Speaking in the Commons, the Prime Minister pledged: “We will get those waiting times down.”
His promise was given after Jeremy Corbyn said lives were being risked by delays in treatment and that cancer targets had not been met for four years.
“How many more will face life-threatening delays because our NHS is under-staffed and under-funded?” demanded the Labour leader.
Mr Johnson said the Government would write into law a £34 billion boost for the NHS.
Earlier, the Health Secretary sparked controversy by hinting that target times for queues at A&E may be scrapped — despite the worst figure on record being recorded in recent months.

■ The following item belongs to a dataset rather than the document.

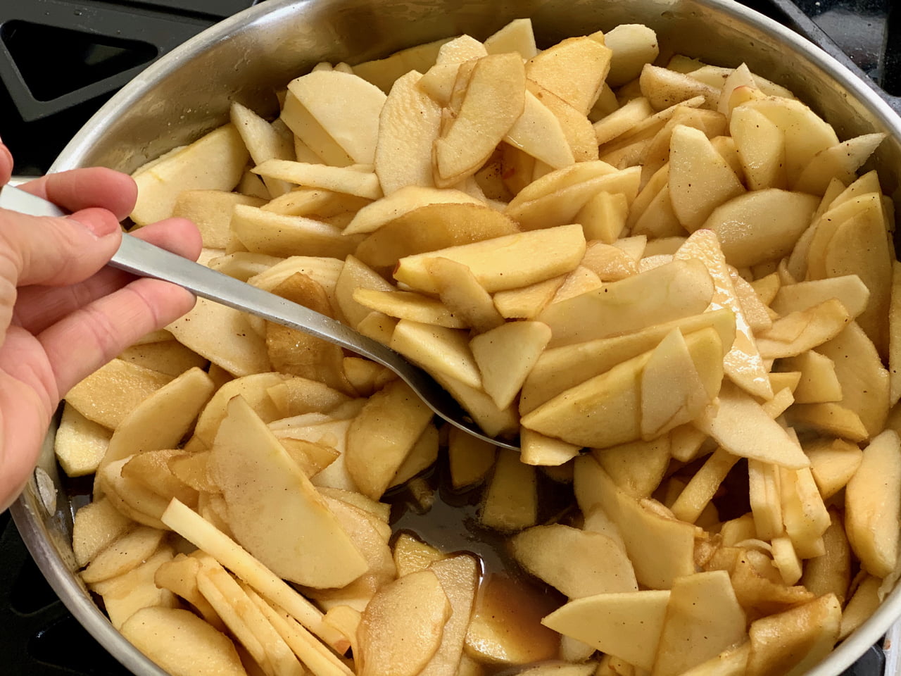 - In a large frying pan with a lid, melt butter with olive oil. Add the apples, lemon juice, sugar, and spices. Toss well and cook covered on medium for about 10 minutes. Remove cover and lower a bit to cook another 5 minutes, tossing occasionally. Turn off.

Matt Hancock said the four-hour wait was out of date because it no longer reflected the way many patients were treated.
“The problem with that target is that, increasingly, people can be treated on the day and able to go home,” he said. “That is much better for the patient and also better for the NHS, and yet the way that’s counted in the target doesn’t work.”
Official data for November showed only 81.4 per cent of emergency patients were seen within four hours. The target states that 95 per cent should be seen and treated, discharged or admitted to hospital within that timescale. A review of the targets system was announced by the Government last March.
But the Royal College of Emergency Medicine said scrapping the four-hour target, which has not been met since July 2015, would have “a near-catastrophic impact on patient safety”.